The meeting is over, and you are sitting at your desk, staring at a handout you received from a co-worker or supervisor.
The question that confronts you is, “should I save this?”
Why do we need to digitize Paper documents?
Perhaps you’ll need it for other meetings or assignments. Perhaps you’ll remember it at some future point and wonder what became of it.
Perhaps you’re wasting too much time worrying about what to do with it, and it should be dumped in the trash immediately.
At the back of your mind is the problematic old business proverb: “Only handle a piece of paper once.”
The importance of those questions recedes in importance if you have a dependable, easily accessible, reliably indexed method of digitizing your paper documents.
You don’t have to worry about keeping any piece of paper that you’ve stored in the cloud or on your hard drive and that you know you can retrieve in a moment.
The question is, how do you get to the point of automatically knowing how to deal with documents and being able to digitize, index, and retrieve them effortlessly.
Here we will take a look at the simplest ways to digitize those annoying pieces of paper that keep trying to clutter up your desk.
In the process, we’ll view some guidelines for digitizing.
Some Principles About Digitizing Paper Documents
When we are creating documents, we don’t have to worry about whether or not to digitize them. It has become an automatic part of the process. Before we send our report along to others or print a copy, we have to save it.
The questions we do have arise from the paper copies of data, forms, flyers, brochures, and documents others present to us.
Here are some principles to keep in mind about digitizing paper documents.
- Decide how you are going to index or catalog the documents you keep. Will you use the names, subjects, or dates as references to help you find the document again?
- Remember that file explorers can search out a specific word within a document.
- What format will you use to keep documents? Some experts suggest keeping all documents in a PDF format since it is pretty much universal and can be easily translated into JPG or text documents.
- Save it, then save it again.
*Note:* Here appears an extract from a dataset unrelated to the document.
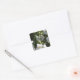 Blume und grüne Blätter in einem weißen Sommergart Quadratischer Aufkleber

Backing up files to multiple storage venues is a good safeguard not only against breakdowns—flash drives don’t last forever—but also for ease of relocation. Some people send themselves important documents in emails since email servers keep copies of attachments.
- Scan it and shred it. For the sake of space and the security of keeping files away from unverified users, once you have digitized a document, thus saving it in multiple locations, you can shred it with peace of mind.
- If you can’t do it right away, schedule it. Some workers, who are deluged with paperwork and need to digitize it, create a weekly or monthly “digitizing day” with dedicated time to eliminate the paper documents they have accumulated.
How to Digitize Your Paper Documents?
After deciding to go Paper Document Scanning service, most of us give little thought to the specific manner in which we’re going to digitize.
Here is a brief overview of the different basic methods we have available for turning paper into bits and bytes of data.
Smartphones and tablets can download apps that allow cameras in the devices to scan documents.
In reality, many Droid and Apple devices have a built-in ability to scan and translate text documents or upload them to other applications that can turn them into PDFs, for instance.
It should be noted that this is best for dealing with a small number of pages. Of course, this is a viable alternative when office equipment is not available, and data from a printed document needs to be appropriated.
It’s also possible to take photos with the camera on a smartphone and translate eventually that into a text document. This is a laborious process that is not conducive to regular use.
These relatively inexpensive devices are quite useful for collecting digitized files for medium quality reproductions of paper documents. Again, flatbeds are best used for small numbers of pages since each document must be placed on the glass by hand and removed once the scan is complete. By their design, they tend to take up a fair amount of space.
Multifunction Scanners (MFD)
Somewhat more expensive but having a smaller footprint on your desk are multifunction scanners. The advantage of MFDs, apart from their size, is that many pages can be loaded and scanned simultaneously.
The Out-Sourcing Alternative
Despite living in a “paperless age,” the number of paper documents we accumulate daily seems only to be growing, sometimes exponentially.
Many professionals rely upon digitizing firms that come in regularly and translate documents into digital formats.
Typically, these companies can do the work on-site to alleviate worry about the security of the data.
It can often be arranged so that such firms will scan, index, demonstrate the secured and saved files, and then shred the original documents.
Digitizing our daily deluge of documents serves several purposes for us. It contributes to our organizational skills, frees us from filing, removes clutter from our workspaces, and speeds our workflow.
Once we establish a routine manner of digitizing the paper that comes our way, we will have one less continuing concern as well.